Share

PTSI 6

LIMA TAHUN RUMAH TANGGA KAMI BAHAGIA, TIBA-TIBA SUAMI MENGAJUKAN PERMOHONAN TALAK. KUKIRA KARENA TAK KUNJUNG HADIRNYA BUAH HATI, TERNYATA ....

Hari itu, hidup keduanya terasa kelabu, seperti cuaca pagi ini.

Mendung, meski tak pula hujan.

Keputusan keduanya adalah kembali bersama, dan Fandi akan mengakhiri semua dengan Indah.

“Mas berangkat kerja dulu.” Dikecupnya kening Irena.

Di mana sang istri masih berbaring tak bersemangat untuk melakukan aktifitas.

Matanya sayu, sembab.

Irena mengabaikan panggilan sang suami saat dirinya akan berangkat kerja.

Wanita cantik itu terus mengusap perutnya yang rata.

“Maafkan bunda, Sayang. Kehadiranmu diiringi tangis pilu bunda.” Irena kembali melow, wanita hamil itu memang sedang sensitif perasaannya.

*

Fandi menghela napas kala mengetahui Indah yang tak masuk kerja.

“Ke mana dia?” tanya Fandi para anak magang lain.

Tentunya mereka mengetahui hubungan Indah dan Fandi.

“Katanya sih sakit,” jawab sang anak magang itu.

Fandi meraup wajahnya kasar, dirinya susah payah memohon pada Irena untuk bisa bersamanya lagi.

Keputusannya yang begitu gegabah membuat rumah tangga runyam.

“Seharusnya aku membuat Irena bahagia kala kehadiran jabang bayi. Ya Allah, jahatnya aku!” Fandi mengusap dadanya.

Seharian itu, Fandi tak bisa konsentrasi pada pekerjaannya.

Pikirannya bercabang antara Irena dan Indah.

Terlebih, Indah mengirim pesan pada Fandi.

[Mas, ke tempatku. Ada hal yang harus kita bicarakan]

Begitulah pesan Indah.

Fandi yang bertekad mengakhiri semua, memilih menemui Indah di kediamannya.

Gadis itu menunggu di ruang depan. Wajahnya pucat dengan riasan yang sepertinya tak dihapus dari kemarin.

Indah begitu berantakan.

“Ndah,” panggil Fandi iba.

“Mas!” Indah langsung memeluk Fandi erat, tangisnya tak tertahan.

“Jangan tinggalkan aku. Aku tak sanggup rupanya jika berpisah darimu,” pinta Indah menghiba.

Fandi menggenggam erat tangan Indah yang terasa panas.

“Indah, kamu—”

Fandi tak berkata lagi, saat itu tubuh Indah luruh.

Gadis itu demam tinggi.

Mau tak mau Fandi pun memanggil beberapa teman Indah yang ternyata bekerja di kantor yang sama.

“Tolong urus dia.” Fandi memberi obat yang sudah dia beli di apotek.

“Mas Fandi gak nungguin Indah?” tanya seorang teman Indah.

“Gak, saya harus pulang.” Fandi berlalu begitu saja.

Saat mobilnya sudah menjauh dari tempat tinggal Indah, ponsel Fandi berdering.

Senyumnya lebar, saat tahu sang istri yang menghubungi.

“Halo Sayang,” sapa Fandi mesra.

“Halo, Mas … Umi dan Fera di rumah. Segeralah pulang, jangan singgah ke tempat lain dulu.” Suara Irena pelan, tetapi begitu mengandung makna bagi Fandi.

“Siap Ibu Bos!”

*

Irena tak menyangka, siang itu di kala dirinya merenung di kamar. Sang asisten rumah tangga mengetuk pintu kamarnya.

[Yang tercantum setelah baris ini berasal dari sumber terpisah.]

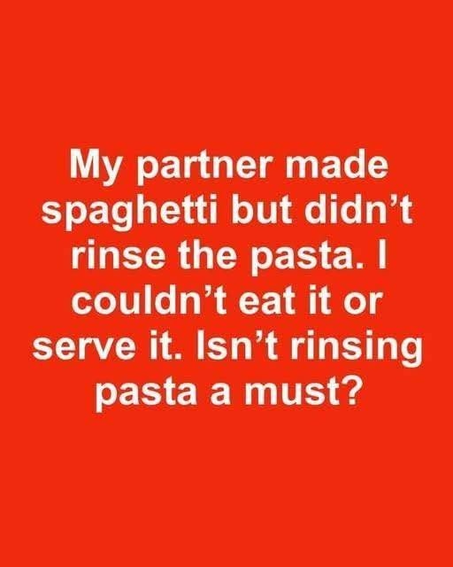 My partner cooked spaghetti but skipped rinsing the noodles. I couldn’t bring myself to eat it or offer it to anyone else. Isn’t rinsing pasta something you’re supposed to do?
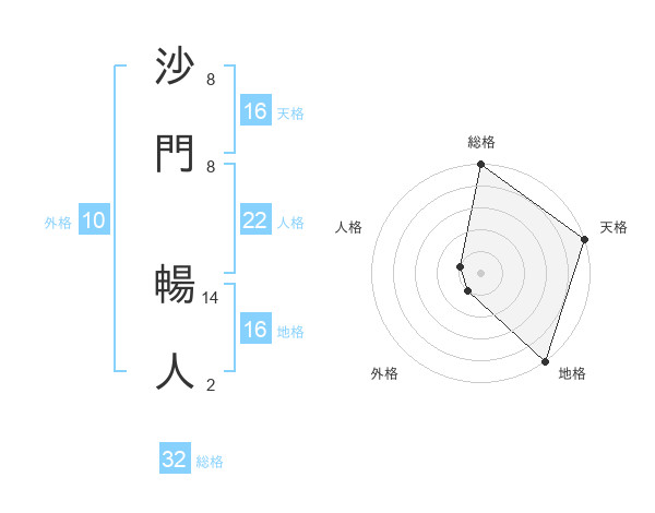 沙門 暢人さんの天格は16画の5点!
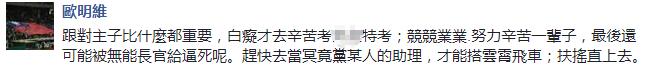 他指出“现在的蔡英文非常需要美国的帮忙,所以她要派她最相信的人”!因为接下来“2020‘大选’要到了,台湾有志大位的候选人都要出访美国,此时一定都要经过‘驻美代表处’,而且小英要‘联美抗中’,她身边一定要有个信得过的人”,这就是赵怡翔为什么要去美国的原因,“只能说跟对主子,比什么都重要,特考算什么!”
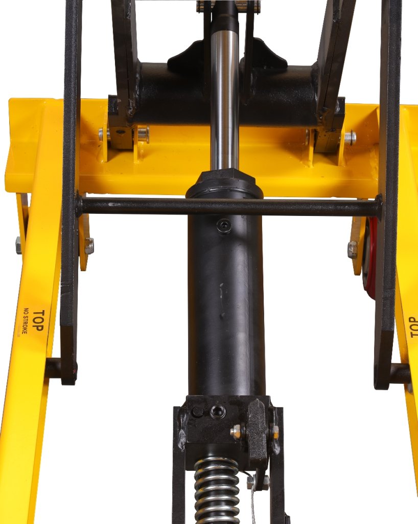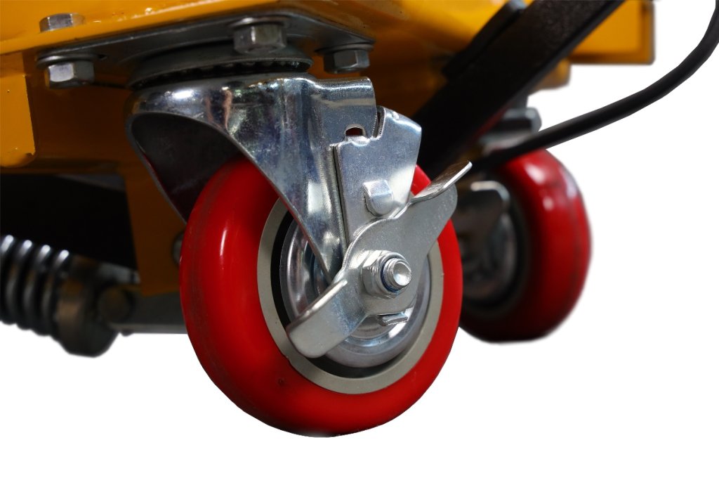 Scherenhebebühne ausgestattet mit Fußhydraulikpumpe mit einer Tragfähigkeit von 1000 kg und maximaler Hubhöhe von 1000 mm.
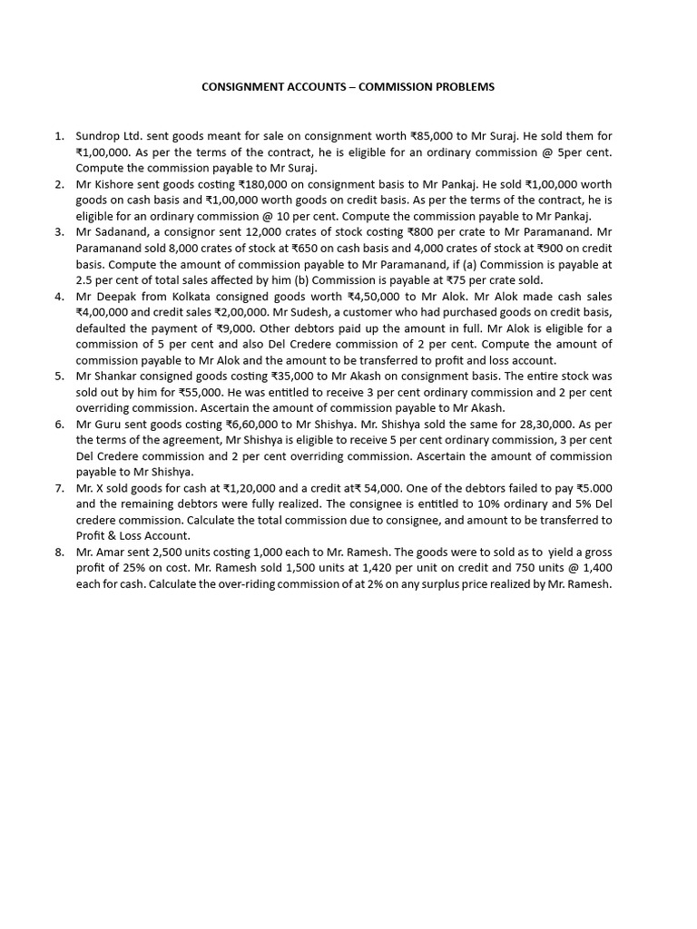 Consignment Accounts: Commission Calculations | PDF | Credit | Finance ...
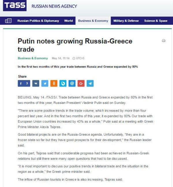 Σύμφωνα με το τηλεγράφημα, ο Βλαντιμίρ Πούτιν πρόσθεσε ότι «οι εμπορικές συναλλαγές μεταξύ Ρωσίας και Ελλάδας αυξήθηκαν κατά 80% τους πρώτους δύο μήνες του 2017. Υπάρχουν κάποιες θετικές τάσεις στον όγκο των εμπορικών συναλλαγών, οι οποίες αυξήθηκαν κατά περισσότερο από 4% το περασμένο έτος και στους δύο πρώτους μήνες του τρέχοντος έτους ενισχύθηκαν κατά 80%. Το εμπόριό μας με τις χώρες της Ευρωπαϊκής Ένωσης αυξήθηκε συνολικά κατά 43%».

Dengan malasnya Irena beranjak.

“Ada apa?” tanya Irena ketus.

“Maaf, Nyonya. Di bawah ada mertua Nyonya bersama Ipar Nyonya, Mbak Fera.” Asisten rumah tangga yang kerap dipanggil Mbok itu bergegas turun dan menyiapkan hidangan tanpa menunggu perintah dari Irena.

Wanita cantik itu segera mengganti pakaiannya dengan dress cantik serta menggunakan make up tipis. Bibirnya dipoles lipstik merah kesukaannya.

Parfum kesukaannya pun menambah meyakinkan penampilan Irena.

“Assalamualaikum, Nak Mantu. Ya Allah, umi pangling Nak. Kamu semakin cantik saja,” sapa sang mertua.

Dipeluknya Irena dengan erat, layaknya ibu dan anak.

“Wa’alaikumsalam Umi, alhamdulillah Irena sama Mas Fandi sehat. Rejeki lancar, semua karena doa Umi yang tak putus untuk kami.” Irena menuntun mertuanya duduk di sofa empuk.

Disapanya Fera juga Wisnu, sepasang suami istri.

“Mbak makin cantik saja, Fera jadi pengen bisa bersolek kayak Mbak,” puji sang adik ipar.

Di depan mereka semua, Irena bisa menyembunyikan pilu hatinya.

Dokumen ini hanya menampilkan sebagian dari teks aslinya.